* [Problem details] Leave every picture out. Set down all the lines below exactly.
Data excerpt START
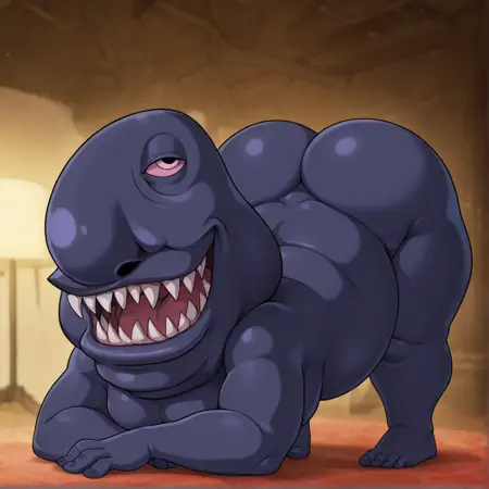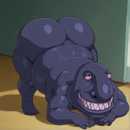 Ojama_Black, humanoid, purple body, big head, big nose, pink sclera, fat, belly, moobs, fat legs, fangs, red thong, floral print, underwear only
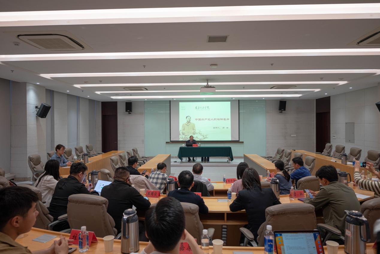 在专家讲座环节,全国周恩来思想生平研究会理事、江苏省周恩来研究会常务理事、淮安周恩来邓颖超研究会副会长、研究馆员张谨 为师生作《中国共产党人的精神名片》专题讲座。他以习近平总书记对周恩来总理的评价开篇,表示“周恩来同志是近代以来中华民族的一颗璀璨巨星,是中国共产党人的一面不朽旗帜”。他以鲜活的案例讲述了周总理坚如磐石的忠诚意志,在生死考验面前奋不顾身的感人故事,在名利诱惑面前虚怀若谷的高尚情操,在国家大事面前兢兢业业的隐忍坚守。
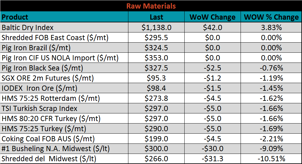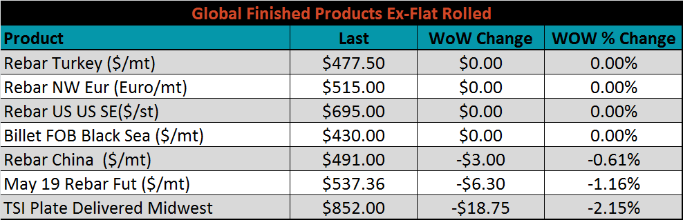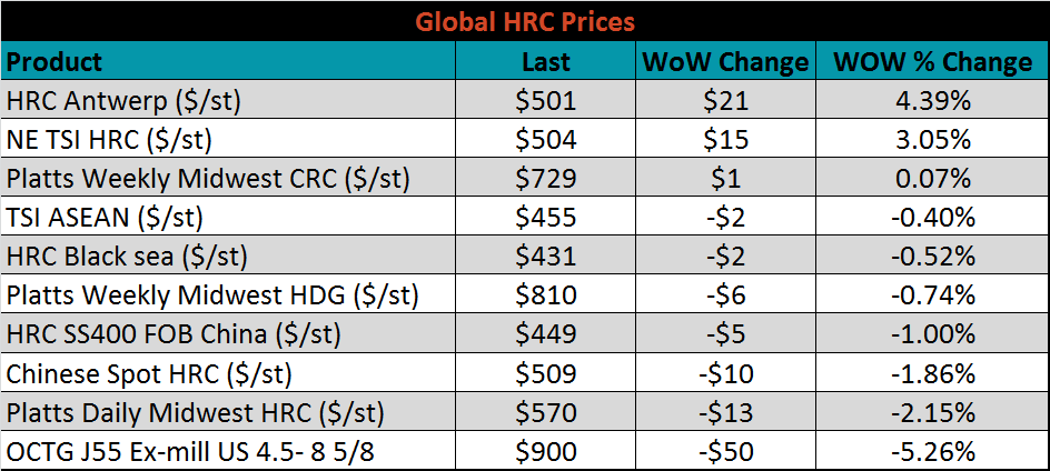 The global flat rolled indexes were mixed. Antwerp HRC is up 4.39%, while Platts Midwest HRC is down 2.2%.
Data excerpt END
* [Exercise result]
 Ojama_Black, humanoid, purple body, big head, big nose, pink sclera, fat, belly, moobs, fat legs, fangs, red thong, floral print, underwear only
 在专家讲座环节,全国周恩来思想生平研究会理事、江苏省周恩来研究会常务理事、淮安周恩来邓颖超研究会副会长、研究馆员张谨 为师生作《中国共产党人的精神名片》专题讲座。他以习近平总书记对周恩来总理的评价开篇,表示“周恩来同志是近代以来中华民族的一颗璀璨巨星,是中国共产党人的一面不朽旗帜”。他以鲜活的案例讲述了周总理坚如磐石的忠诚意志,在生死考验面前奋不顾身的感人故事,在名利诱惑面前虚怀若谷的高尚情操,在国家大事面前兢兢业业的隐忍坚守。
 The global flat rolled indexes were mixed. Antwerp HRC is up 4.39%, while Platts Midwest HRC is down 2.2%.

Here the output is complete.